Ilustrasi khatib Jumat hilang dari mimbar. Foto: istimewa. |
Oleh M Abdullah Badri
MENUNGGU kerabat yang sedang dirawat di salah satu Rumah Sakit (RS) ternama di Semarang, Syukron (bukan nama sebenarnya) melangsungkan shalat Jumat di komplek RS tersebut. Usai wudlu, seperti biasa dia melangsungkan shalat sunnah dua rakaat (tahiyyatal masjid) dan menunggu khutbah Jumat berlangsung.
Lama dia menunggu acara khutbah Jumat dimulai. Tak seperti biasa sebagaimana di desa, yang singkat dan padat. Kali ini, Syukron merasakan tidak beres setelah Bilal/Muadzin mengundang nama khatib hingga 3 kali dan tak kunjung muncul.
Baca: Mengapa Lirik Lagu Syubbanul Wathon Diterjemahkan “Afganistan Bilady”?
Setengah sabar, Bilal bahkan menawarkan kepada jamaah yang hadir untuk menjadi khatib. 15 menit berlangsung tidak ada yang maju sebagai pengganti khatib yang sebetulnya sudah dijadwalkan. Jumatan hampir saja gagal.
Syukron memberanikan diri maju sebagai khatib pengganti. Dan khutbah berjalan secara normatif dan minimalis. Yang penting syarat dan rukunnya terpenuhi, selesai.

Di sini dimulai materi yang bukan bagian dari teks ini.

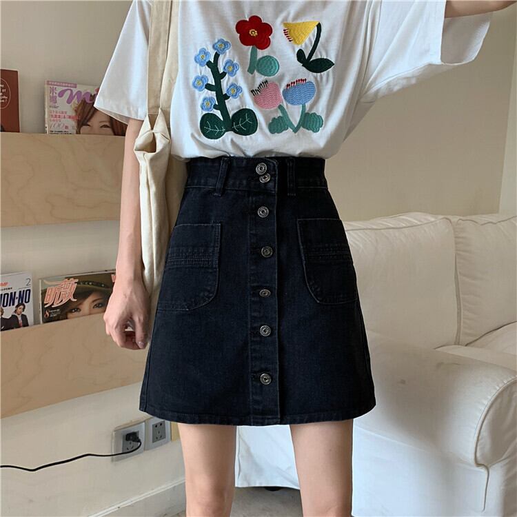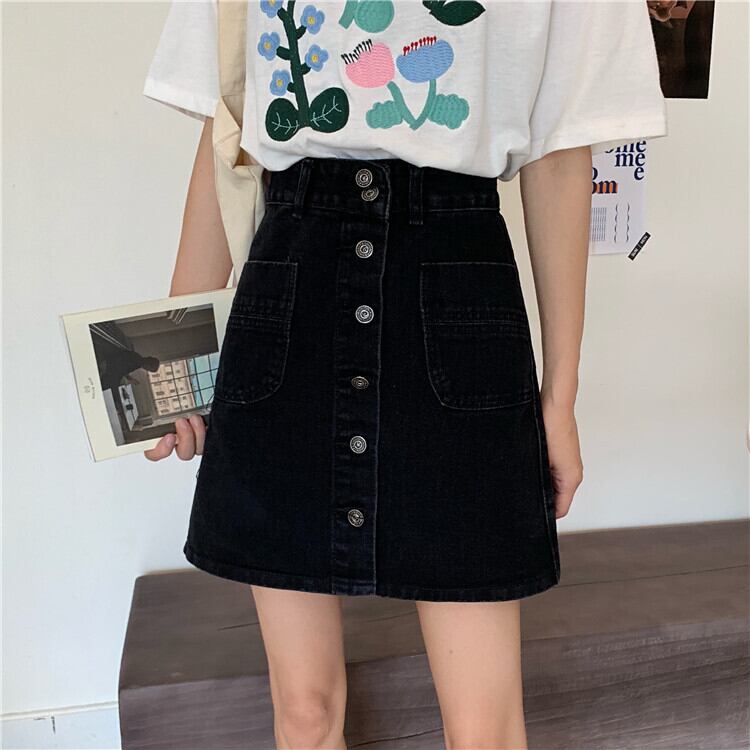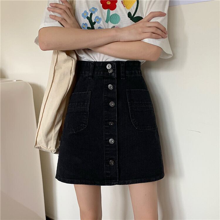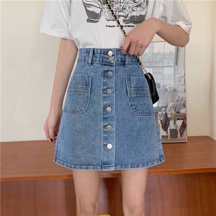 ハーフレングススカートAラインスカート2020年夏新人格ブレストハイウエスト薄デニムスカート学生ショートスカート 1号婦人43851808139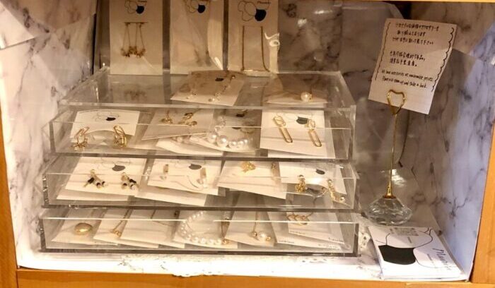 入り口に近い横長のハコニワ(c-13)を使用し、アクセサリーが陳列されております。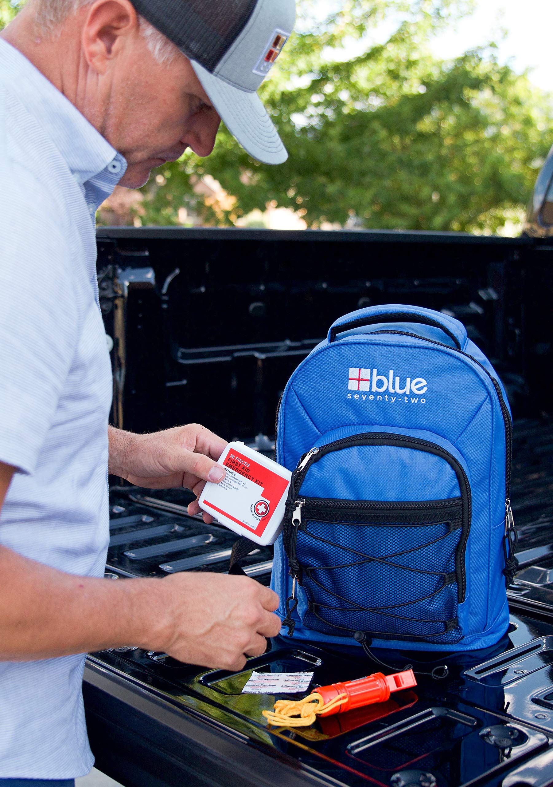 Blue Coolers Blue Seventy-Two | 72 Hour Emergency Backpack Survival Kit for 1 Person | Survival Kit for Roadside, Earthquake, Tornado, Hurricane, and Other Emergencies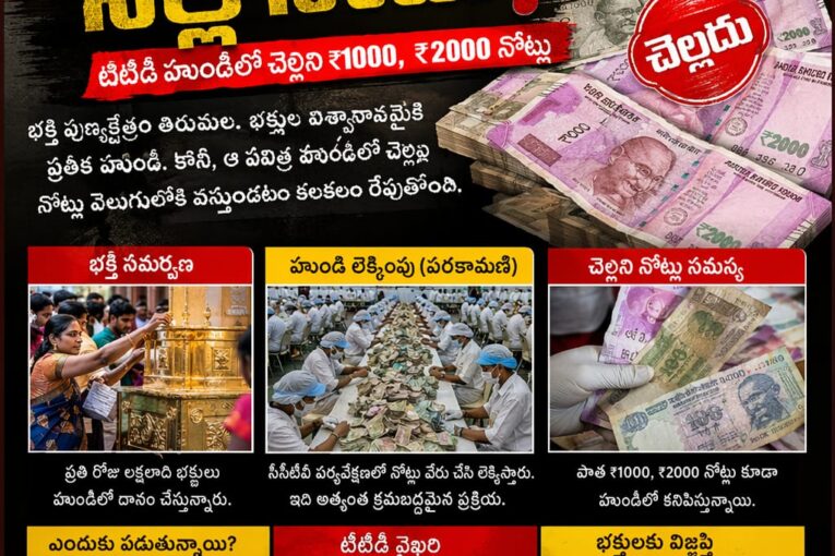 మొత్తానికి, తిరుమల హుండీ మన విశ్వాసానికి ప్రతీక. కానీ అందులో పడుతున్న చెల్లని నోట్లు మన సమాజంలోని లోపాలను బయటపెడుతున్నాయి. “తెల్ల కోటు మాటున నల్ల నోటు” అనే విమర్శ నిజం కాకుండా ఉండాలంటే, మన ఆలోచనలు మారాలి, మన దానం మారాలి.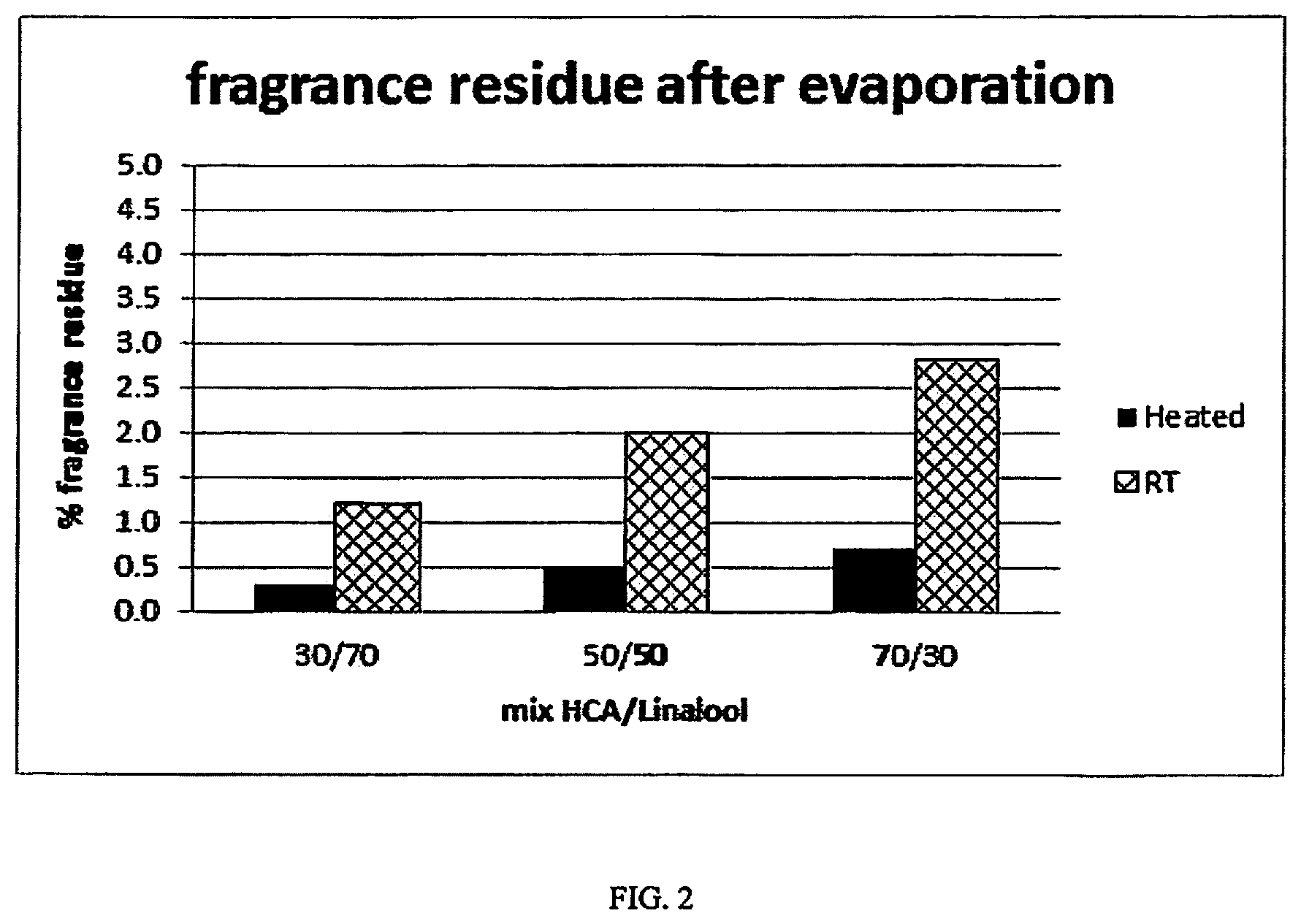 Table 3 (FIG. 2) demonstrates the benefit of heating the water-based fragrance emitters according to the present disclosure, i.e. the percentage of bottom note fragrance ingredients can be increased while at the same time maintaining a minimum amount of residual fragrance material remaining after the end of life of the emitter.

Usut punya usut. Si khatib Jumat yang tidak hadir itu disebut-sebut merasa kurang "dihargai" karena honor ceramah khutbah Jumatnya tidak sesuai harapan. Banyak orang menyebut dia ngambek dan absen dari jadwal khutbah tanpa alasan dan tanpa pemberitahuan.
Begitulah cara hidup di kota. Sekelas ceramah di mushalla kampung saja, agar bisa masuk, kita harus menawarkan diri dan percaya diri memiliki ilmu agama. Proposal harus diajukan lengkap dengan jumlah honor yang diminta oleh yang mengajukan proposal.
Cerita di atas bukan fiksi, tapi realitas di Jakarta dan kota-kota besar. Untuk ceramah tujuh menit (kultum) di Bulan Ramadhan, calon penceramah sudah biasa memberi tarif antara 300-400 ribu sekali berkeringat. Akibatnya, bila anggaran masjid atau mushalla tidak ada, ya tidak ada kultum.
Barangkali, harga ikhlash di kota-kota besar memang harus terukur jelas seperti itu. Uang adalah pangkal solusi dan sekaligus masalah, di kota. Wajar bila banyak penceramah yang hijrah ke kota, karena ilmunya sangat "dihargai" di tengah kesibukan warga kota, yang juga haus spritualitas urban. [badriologi.com]
Keterangan:
Cerita ini dituturkan Syukron langsung kepada penulis pada Rabu malam (19 Juni 2019) bersama 5 orang yang mendengarkan ceritanya.